***** RAW DATA *****

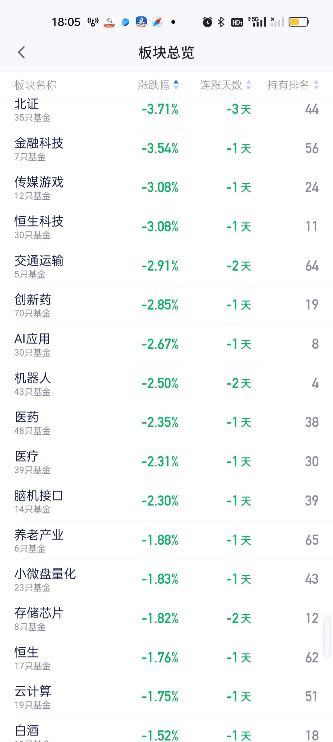 从板块涨跌榜来看,黄金,油气资源,有色金属,煤炭, CPO,通信,军工,商业航天,化工涨幅靠前。北证,金融科技,传媒游戏,恒生科技,交通运输,创新药,AI应用,机器人,医药,医疗,脑机接口,跌幅居前。
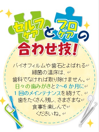 てらさき歯科医院でも皆さんのお口の健康を守るお手伝いをいたしますので定期的なメンテナンスには必ずご来院ください。
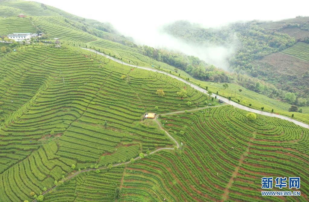 这是4月1日拍摄的福建省天湖茶业有限公司的一处茶叶种植基地(无人机照片)。新华社记者 林善传 摄

*****

Output the listing word for word. Drop the pictures.

 从板块涨跌榜来看,黄金,油气资源,有色金属,煤炭, CPO,通信,军工,商业航天,化工涨幅靠前。北证,金融科技,传媒游戏,恒生科技,交通运输,创新药,AI应用,机器人,医药,医疗,脑机接口,跌幅居前。
 てらさき歯科医院でも皆さんのお口の健康を守るお手伝いをいたしますので定期的なメンテナンスには必ずご来院ください。
 这是4月1日拍摄的福建省天湖茶业有限公司的一处茶叶种植基地(无人机照片)。新华社记者 林善传 摄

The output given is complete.